Police Crime Commissioner North Wales Andy Dunbobbin (RIGHT) visit to  Wales Recycle I.T , Llangefni to meet (from left) Deborah Mitchell, Rebekah Lowther  and Gareth Roberts .               Picture Mandy Jones
Police Crime Commissioner North Wales Andy Dunbobbin (RIGHT) visit to Wales Recycle I.T , Llangefni to meet (from left) Deborah Mitchell, Rebekah Lowther and Gareth Roberts . Picture Mandy Jones

The plea came from the region’s police and crime commissioner, Andy Dunbobbin, during a visit to North Wales Recycle IT who have already handed out £35,000-worth of desktops, laptops, tablets and accessories.

After being repaired or refurbished, the equipment has been given to nursery groups, school pupils, charities and elderly people in care homes.

Among the organisations that have stepped up to the plate are North Wales Police which has donated 300 bits of kit, mainly desk tops and laptops.

North Wales Recycle IT was founded by Rebekah and Robin Lowther who also run a successful commercial information technology company, C1phertech, in Llangefni, which was set up 10 years ago.

The social enterprise has provided equipment to organisations across North Wales and needs more businesses and public sector bodies to help them out so they can keep up with the demand.

Mr Dunbobbin, who has a background in IT, said: “I would urge any companies or public sector organisations who are upgrading their technology to donate their redundant desktops, laptops and tablets to North Wales Recycle IT so they can be refurbished quickly and provided to those in need.
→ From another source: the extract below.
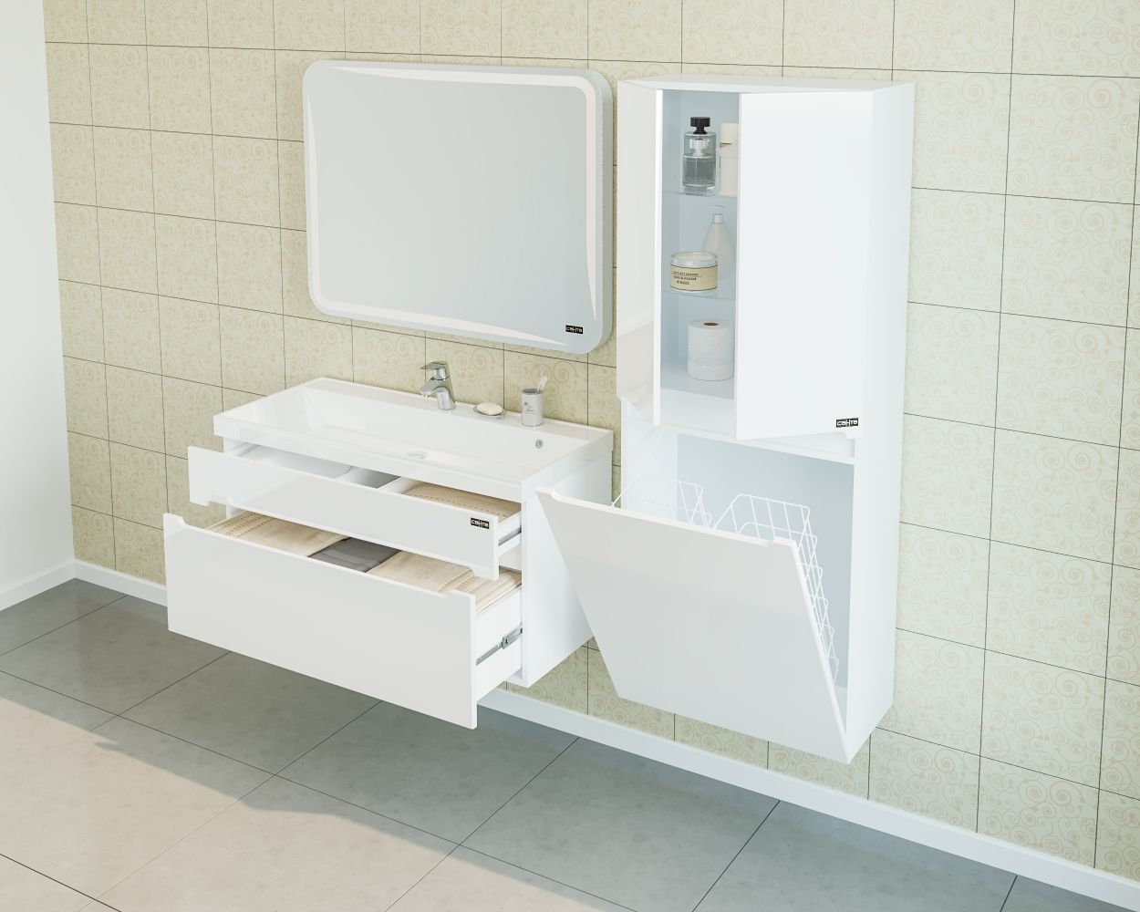 Тумба под раковину СанТа Лондон 224008л 100см белый
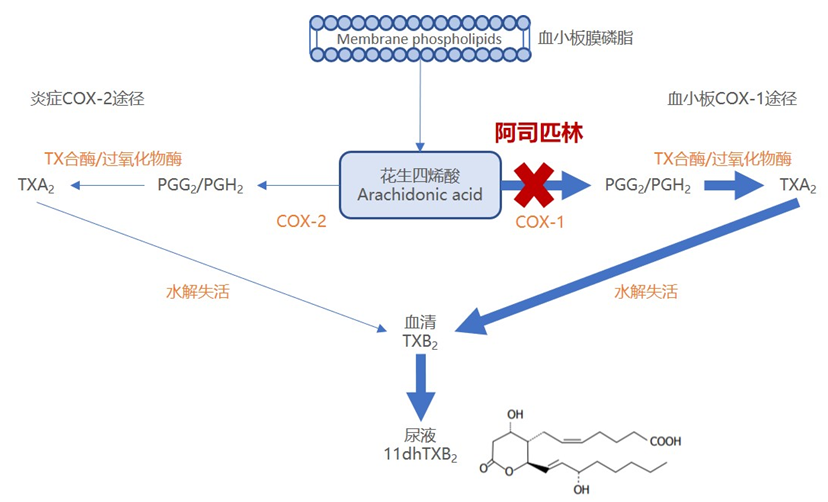 血管内皮细胞受损时,血小板受刺激而被激活,膜磷脂裂解而游离出花生四烯酸,在环加氧酶作用下生成前列腺素G2和H2(PGG2/PGH2),并进一步在血栓烷合成酶1(COX-1)的催化下生成血栓烷 TXA2。TXA2 有强烈的缩血管作用,还可通过结合血栓烷素血小板受体激活血小板,促进其聚集,从而发挥促血栓形成作用。低剂量阿司匹林即可有效抑制95%的COX-1活性及TXA2产生量。

“It’s so good that North Wales Police donating equipment that is no longer needed by us and is bringing new use and that really falls in line with the green agenda in terms of recycling.
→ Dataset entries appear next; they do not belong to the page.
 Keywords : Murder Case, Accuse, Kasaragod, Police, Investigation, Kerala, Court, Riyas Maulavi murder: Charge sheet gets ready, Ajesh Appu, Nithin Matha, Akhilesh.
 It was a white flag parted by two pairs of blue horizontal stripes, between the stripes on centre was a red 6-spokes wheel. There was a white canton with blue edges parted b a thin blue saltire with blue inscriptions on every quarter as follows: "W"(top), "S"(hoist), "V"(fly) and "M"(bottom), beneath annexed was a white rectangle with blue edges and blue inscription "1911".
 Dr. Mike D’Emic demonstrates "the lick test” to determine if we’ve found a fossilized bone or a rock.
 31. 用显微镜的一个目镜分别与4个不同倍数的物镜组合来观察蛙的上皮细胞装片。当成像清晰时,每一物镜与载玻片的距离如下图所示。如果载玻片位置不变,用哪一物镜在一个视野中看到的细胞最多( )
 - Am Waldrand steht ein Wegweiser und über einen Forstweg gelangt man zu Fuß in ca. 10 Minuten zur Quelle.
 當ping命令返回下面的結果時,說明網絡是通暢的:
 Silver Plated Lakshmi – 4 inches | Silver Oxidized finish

The hook up with North Wales Police was championed by Gareth Wynne Roberts, the force’s Deputy ICT Infrastructure Manager.

He said: “This is the ideal partnership for us because we have IT equipment that we no longer need for us as an organisation.
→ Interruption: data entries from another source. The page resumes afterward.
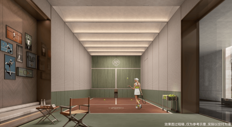 “双会所”设计是项目的另一大亮点。洋房和高层组团内的会所面积就近2200㎡,涵盖恒温泳池、健身房、私宴厅和网球训练馆等多样化功能。
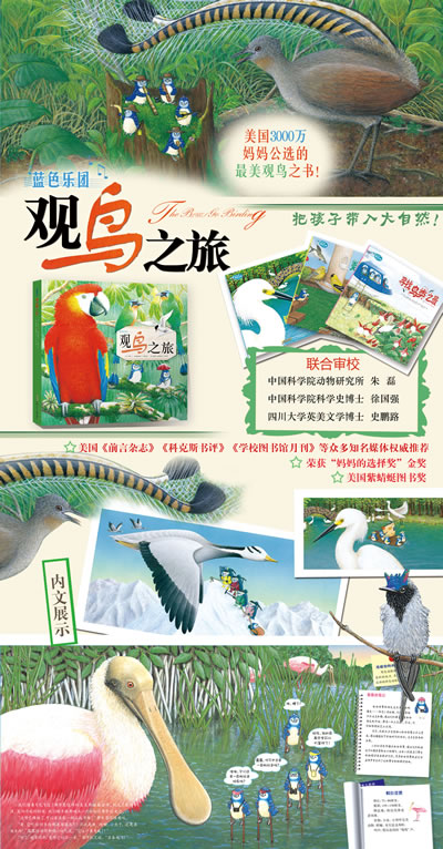 "这是一套想象力丰富的绘本故事书,也是一套幽默风趣的儿童科普书。跟随着蓝色乐团的五只小蓝鸟,小朋友们可以穿越美洲、巡游海岸、环游世界,体验惊险、刺激、有趣的观鸟之旅!
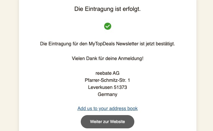 Wird bei euch vielleicht ein Pop blockiert, was die Anmeldung bestätig? Denn dieses müsste euch nach dem Klick auf anmelden auf die Besätigungsseite führen?
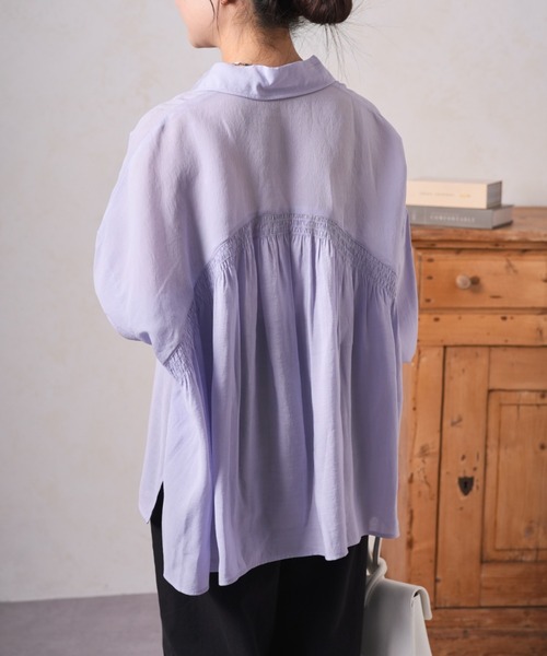 -商品ポイント- ・さらりとした肌触りで暑い季節でも快適、かつバックのシャーリングが目を惹くオトナブラウス。 ・程よい透け感で、オトナの上品さを演出。 ・ゆったりとしたリラックスフィットで、体型を選ばず着用可能。 ・パンツやスカートとの相性も良く、一枚でさらりと着ても、ノースリーブやキャミソールの上から羽織としても活躍する万能アイテムです。 ・縫製仕様を見直し、より快適な着心地に仕上げました ーマテリアルー ■透け感:あり ■裏地:なし ■伸縮性:袖口、背中のシャーリング部分あり ■光沢感:なし ー洗濯方法ー 手洗い可能 ー注意事項ー ・画像の商品はサンプルです。 実際の商品と仕様、加工が若干異なる場合があります。 ・サイズ表記はあくまで目安となります。 【お買い物をよりお楽しみいただくために】 ―気になるアイテムはお気に入り登録をしておくと便利です― ・お気に入り登録した商品はメニューの「♡お気に入り」ボタンから、一覧表示することができます。 ・商品の再入荷・在庫ラスト1点などの情報を受け取ることができます。 ・値下げやクーポン情報を受け取ることができます。 ・予約商品は通常商品切り替わり時にお知らせがきます。 スマートフォンの場合・・・商品画像右上に表示されている「♡」をタップしてください。 パソコンの場合・・・「カートに入れる」ボタン横に表示されている「♡」をクリックしてください。 ーPALCLOSETアプリのブランドフォローがおすすめですー ・新商品やお得な情報をいち早くcheckする事が出来ます。 ・スタッフコーディネートや店舗ごとのブログをお楽しみ頂けます。 __________________________________ ※取り扱いについては、商品についている品質表示でご確認ください。 ※照明の関係により、実際よりも色味が違って見える場合があります。 またパソコン・スマートフォンなどの環境により、若干製品と画像のカラーが異なる場合もございます。予めご了承ください。 ※詳細画像の色合いをご参照ください。予めご了承ください。

“As well as being a good thing to do, it also makes my life easier. Having a company on your doorstep to be able to come to pick up kit at any time – and not charging for it - is important and I think this relationship is definitely beneficial for both sides.

“Clearly, we have done our part in terms of security to ensure our information was clear from those machines and ensured that all security measures were in place as we didn’t want to risk not only ourselves but also North Wales Recycle IT.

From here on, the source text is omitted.